Keyword extraction as sequence labeling with classification algorithms

Unlu, Huma; ÇETİN, AYDIN

doi:10.1007/s00521-022-07906-x

Keyword extraction as sequence labeling with classification algorithms

Atıf İçin Kopyala

Unlu H. K., ÇETİN A.

NEURAL COMPUTING & APPLICATIONS, cilt.35, sa.4, ss.3413-3422, 2023 (SCI-Expanded)

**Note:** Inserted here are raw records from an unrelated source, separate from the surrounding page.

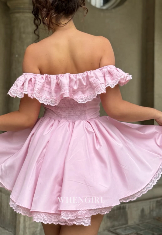 A-Line Sweetheart Off Shoulder Ruffles Sleeveless Homecoming Dress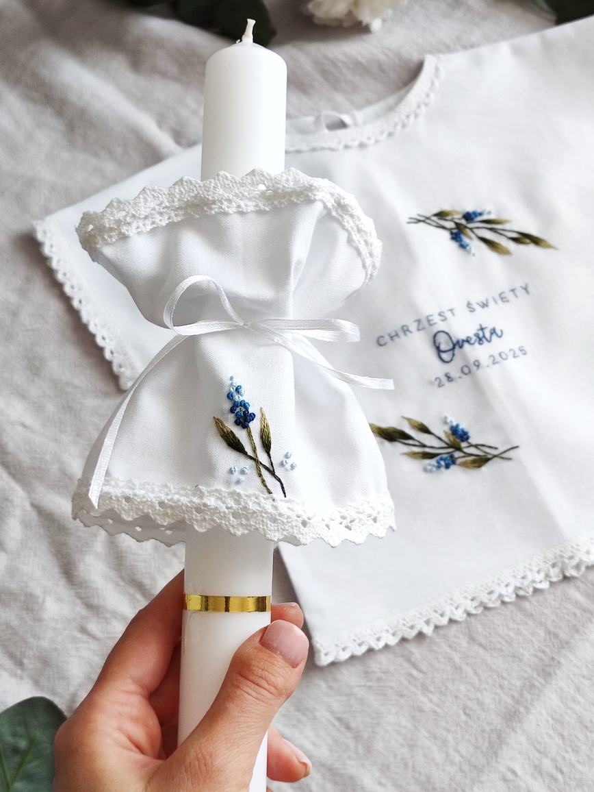 Wspaniały komplet podarunkowy z okazji Chrztu Świętego: biała szatka oraz profitka do świecy z eleganckim roślinnym motywem:
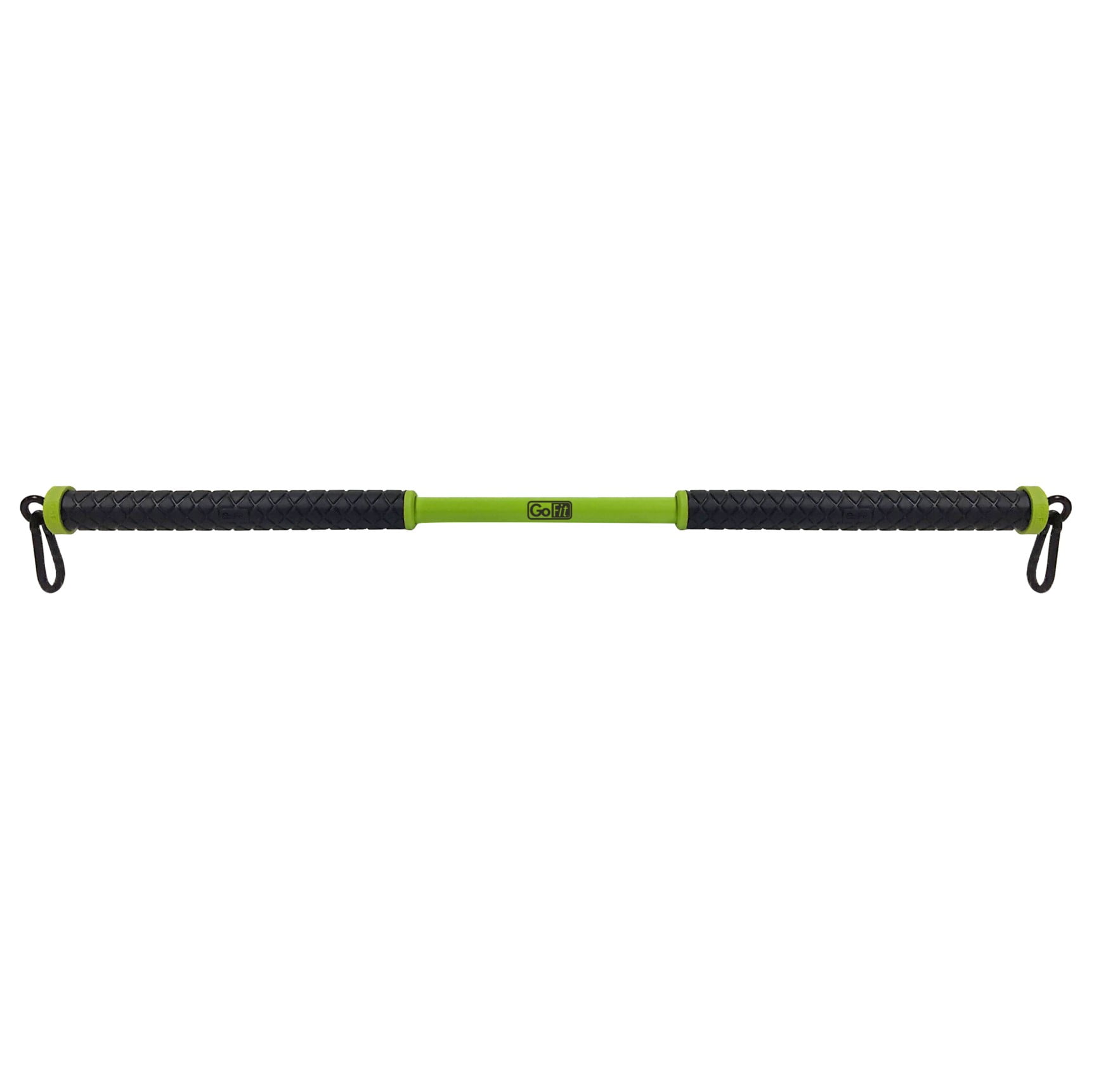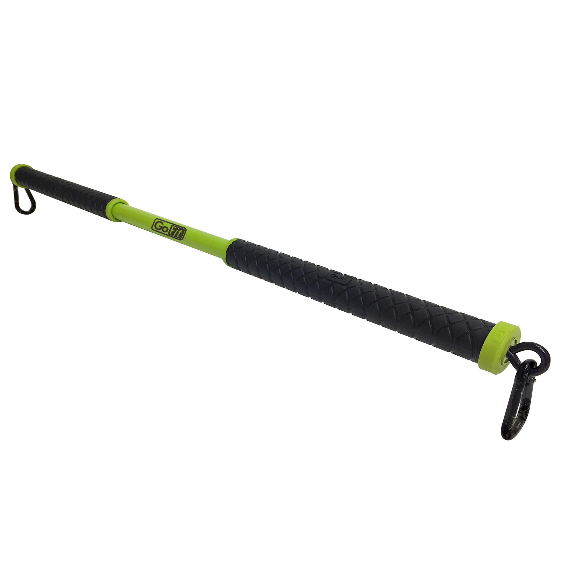 Durable steel bar with comfort grips and heavy duty carabiners. Heavy duty connector ends with ball bearing swivel action. Expandable system, compatible with GoFit resistance products and accessories. Hang-tag package solution. Includes Resist-a-Bar & Training Manual

Yayın Türü: Makale / Tam Makale
Cilt numarası: 35 Sayı: 4
Basım Tarihi: 2023
Doi Numarası: 10.1007/s00521-022-07906-x
Dergi Adı: NEURAL COMPUTING & APPLICATIONS
Derginin Tarandığı İndeksler: Science Citation Index Expanded (SCI-EXPANDED), Scopus, Academic Search Premier, PASCAL, Applied Science & Technology Source, Biotechnology Research Abstracts, Compendex, Computer & Applied Sciences, Index Islamicus, INSPEC, zbMATH
Sayfa Sayıları: ss.3413-3422
Anahtar Kelimeler: Keyword extraction, Sequence labeling, Hybrid, HybridKEM, KEYPHRASE EXTRACTION
Gazi Üniversitesi Adresli: Evet

Özet

Keyword extraction is one of the main problems in clustering and linking textual content. In literature, several machine learning approaches were proposed for keyword and keyphrase extraction. However, the state-of-the-art performance results are still below the expectations. In this paper, we propose a novel hybrid keyword extraction model, HybridKEM. The proposed model addresses the keyword extraction problem as a sequence labelling task. Naive Bayes (NB), Polynomial Regression (PR) Support Vector Machine (SVM), Multi-Layer Perceptron (MLP), and Random Forest (RF) classification algorithms were trained separately in the Token Classification module of the model. The Token Classification process was performed by using text, graphic, embedding, and set features in the model. The performance of the model was evaluated using the Inspec, Semeval-2017, 500N-KPCrowd datasets, which are widely used in studies in the literature, and two newly collected, TRDizinEn and DergiParkEn datasets. The model achieved an average F-1-score of 0.664 for all datasets. The highest F-1-score (0.74) was obtained with the TRDizinEn dataset.